Lokalne Dołączenie Plików w wtyczce WP User Manager – User Profile Builder & Membership
Wtyczka WP User Manager do WordPressa ma lukę LFI umożliwiającą wykonanie kodu PHP. Zalecane szybkie aktualizacje i monitoring.
- CVSS
- 7.5 HIGH
- EPSS
- 82.02%
- Aktywnie wykorzystywana
- brak w KEV
- Produkt
- -
Co wiadomo
Wtyczka WP User Manager – User Profile Builder & Membership dla WordPressa do wersji 2.9.17 jest podatna na lokalne dołączenie plików (LFI) poprzez funkcję szablonu profilu. Pozwala to nieautoryzowanym atakującym na dołączenie i wykonanie dowolnych plików PHP na serwerze.
Wpływ biznesowy
Podatność umożliwia atakującym obejście mechanizmów kontroli dostępu, kradzież wrażliwych danych lub wykonanie złośliwego kodu PHP, co może prowadzić do poważnych naruszeń bezpieczeństwa serwera i aplikacji. Organizacje korzystające z tej wtyczki powinny traktować tę lukę jako wysokiego ryzyka i priorytetowo podejść do jej zaadresowania.

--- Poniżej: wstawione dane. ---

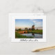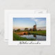 Postcard of a windmill next to a small ditch with a bridge at the edge of a big meadow in the dutch countryside at sunset in Aarlanderveen, the Netherlands with a white frame and the text: 'Netherlands'.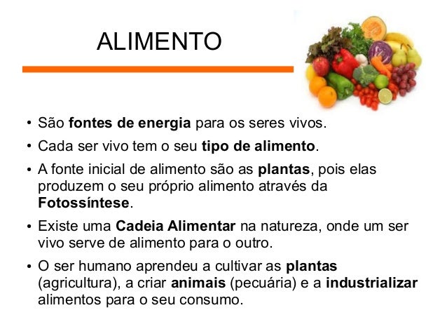 6. 6. ALIMENTO ● São fontes de energia para os seres vivos. ● Cada ser vivo tem o seu tipo de alimento. ● ● ● A fonte inicial de alimento são as plantas, pois elas produzem o seu próprio alimento através da Fotossíntese. Existe uma Cadeia Alimentar na natureza, onde um ser vivo serve de alimento para o outro. O ser humano aprendeu a cultivar as plantas (agricultura), a criar animais (pecuária) e a industrializar alimentos para o seu consumo.

Rekomendowane działania administratora
Zaleca się niezwłoczne sprawdzenie dostępności aktualizacji wtyczki u dostawcy oraz ich wdrożenie. W międzyczasie ograniczyć możliwość przesyłania i dołączania plików PHP, monitorować logi serwera pod kątem podejrzanej aktywności oraz ograniczyć dostęp do funkcji profilu użytkownika. Priorytetowo traktować audyt i zabezpieczenie środowiska WordPress.